Carney stayed at Con Edison for nine years, honing his electrical engineering skills and acquiring an inside knowledge of how utilities operate. During this period, Carney also gained his footing in finance, earning an MBA from Baruch College at night.
Next came the opportunity to focus on uptime and critical infrastructure — in TV land. For seven years, Carney was head of engineering for ABC's North American TV operations. He handled the electrical and property infrastructure for ABC TV in New York, Washington and, to some degree, California, he says.
"TV has a fungible product — commercials. If you lose a commercial, you lose revenue. So the concept of uptime and reliability, and how I had to deal with those from an engineering perspective, were really enforced there," Carney says.
… to the Citi that never sleeps
After seven years, Carney was ready for a new challenge — and found it at Citi. In 2000, he joined the company's property management operation, overseeing the facilities infrastructure and people aspects of a diverse building portfolio, including seven high-rises and four data centers, in the New York metro area. "I quickly learned that the most intense work focused on the data centers and the technology organization," he recalls.

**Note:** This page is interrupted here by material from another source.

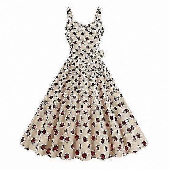 Vintage A-Line Dress for Women Retro Sleeveless Dot Print Contrast Color Elastic Bust High Waist Backless Knee-Length Evening Party Cocktail Outfit

When Citi lost a data center on Sept. 11, 2001, the risk associated with housing such facilities in international business hubs became all too apparent. "At the time," Carney says, "I could see probably 70% of our data center footprint in North America from the top of my building in Manhattan."
Citi leadership decided to revamp its data center strategy, and Carney was put in charge of both facilities and data center management. The network infrastructure, servers and other hardware within the data center now fell under his purview.
He's been with Citi's Technology Infrastructure Division ever since, over the years taking on additional oversight of data center operations as well as responsibility for the project management office; the risk and control teams, which deal with information security, auditing and external regulations; and the global strategy group that plans capacity for Citi data centers around the world.
Carney's role is one that any aspiring top-level data center executive would relish. He has direct oversight of eight strategic data centers in North America and indirect responsibility for another 14 sites globally for one of the world's top corporate behemoths — Citi ranks 12 among the 2009 Fortune 500 and 39 on the Global 500.
Even more impressive, four of those data centers are ground-up constructions, including a site in Georgetown, Texas, that received the Green Building Council's first Leadership in Energy and Environmental Design Gold certification for newly constructed data centers.
The current data center footprint results from a global strategic initiative through which Citi reduced the number of data centers worldwide from 52 to 14 strategic sites, with another 15 or so maintained for regulatory or business reasons, Carney says. Forging the global data center strategy, rooted in the events of Sept. 11 and launched five years ago, has been a high point, he says.
"People say they’ve built one data center. I've built four around the globe and have been involved in the care and feeding of that portfolio ever since. Overseeing this global strategy really has been the highlight of my career," he adds. After all, he says with pride, "These are the most technically advanced, state-of-the-art data centers anywhere around the globe."
Sometimes, Carney admits, he feels like he's sitting on top of a pyramid, and he's enjoying the view.
"I love my job," he says. "I love the data center world, and I can only envision that world getting bigger as we look to help other regions and other areas of the company."